Standing at a lectern, speaking to anxious and expectant listeners throughout the Arab world, United States President Barack Obama uttered these words:"[I] have an unyielding belief that all people yearn for certain things: the ability to speak your mind and have a say in how you are governed, confidence in the rule of law and the equal administration of justice, government that is transparent and doesn't steal from the people, [and]the freedom to live as you choose. ... Governments that protect these rights are ultimately more stable, successful and secure. Suppressing ideas never succeeds in making them go away. America respects the right of all peaceful and law-abiding voices to be heard around the world, even if we disagree with them."

Sadly, these words were not spoken in response to the recent protests in Tunisia, Egypt and elsewhere throughout the Middle East, but they were instead part of the president's June 4, 2009 speech in Cairo. After an initial period of painful waffling, the Obama Administration has done what it does best-emit a lot of noble-sounding hot air while settling for an agreement negotiated behind closed doors. Perhaps this is inevitable in politics, especially when it comes to foreign policy.

But the administration's policy, championing "stability" and "security" over democracy since large-scale protests began in Egypt, is based on a faulty presumption. Egypt is not about to become Iran or Gaza 2.0; people on the streets are demanding freedom and democracy, not Islamic theocracy (an unlikely prospect in a country with a large Christian minority and widespread secularist sentiment). Allowing Mubarak to dally increases the sense of political crisis and ennobles the radical elements of the opposition. It is probably true that a more democratic Egypt would be less friendly towards Israel, like a democratic Turkey and a quasi-democratic Lebanon. But the army and middle class are and will remain a force for moderation; these voices will be more legitimate without patronage from the Mubarak regime.

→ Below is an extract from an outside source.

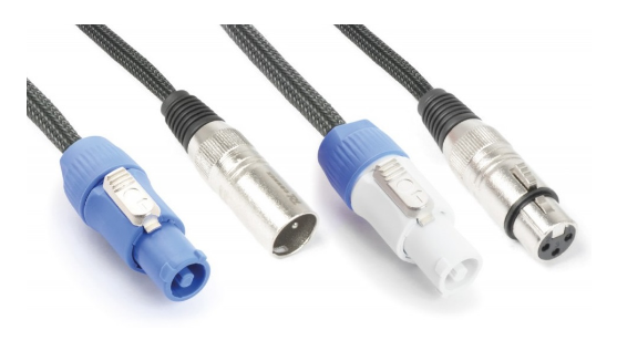 Cabo de alimentação e sinal numa só conexão de 1,5 metros. Não necessita nenhum outro cabo para conectar as suas colunas activas, sua mesa de mistura, etc.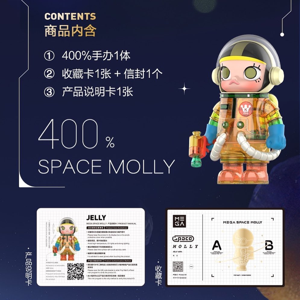 除此之外,感兴趣的朋友也别忘了同期还将有 400% 的同款造型 SPACE MOLLY JELLY 发售,发售价格 ¥1099 RMB。

Our post-World War II geopolitical interests have convinced most of the world that for all our talk about freedom and democracy, when push comes to shove, we will always back the anti-Communist/anti-Islamist/pro-business faction within a country, no matter how unsavory its methods of enforcing these policies.

The current protest movements in the Middle East are providing us with an opportunity to make good on decades of empty promises, but only if we are willing to break with our outdated assumptions about this region and about the value of reluctant alliances with the likes of Mubarak. Our president is fond of speaking about "turning pages" on "new chapters" in history, but this is impossible as long as he keeps reading from the same old textbooks.

Instead, he should try reading the history of the end of European empires in the decades following World War II. Like Britain and France in the years after World War II, the United States can no longer afford to maintain an empire while at the same time trying to spur domestic economic recovery and development. Within 25 years of the end of World War II, the British and French empires had almost completely vanished as independence movements used these countries' rhetoric of democracy against them.

The U.S. is in a nearly identical position today. The 2003 invasion of Iraq, which seemingly marked the apex of American domination in the Middle East, now ironically looks as if it only diminished our ability to dictate the course of events in the region. American hegemony will continue to decrease as emerging economies, particularly China, become the preferred customers of oil-producing nations.

The Middle East really may be entering its own springtime of nations, akin to Europe's revolutions in 1848 and 1989 or the aforementioned anticolonial movements from the 1940s to the 1960s. There are both structural and commonplace political reasons for this-young populations facing high unemployment and crushing inflation on the one hand, fatigue with decades of sclerotic dictatorial rule on the other.

The Middle East is changing; American power in the region is declining. We should use what remains of our "soft power" to push for immediate reforms in these countries and thereby make good on decades of moralizing. The alternative is to reinforce the dictators and drop the pretense that we are anything but a self-interested imperial power. Either way, these regimes will soon collapse, and that is change we should all believe in.

Editor's note: The writer is a third-year Ph.D. candidate in the History department.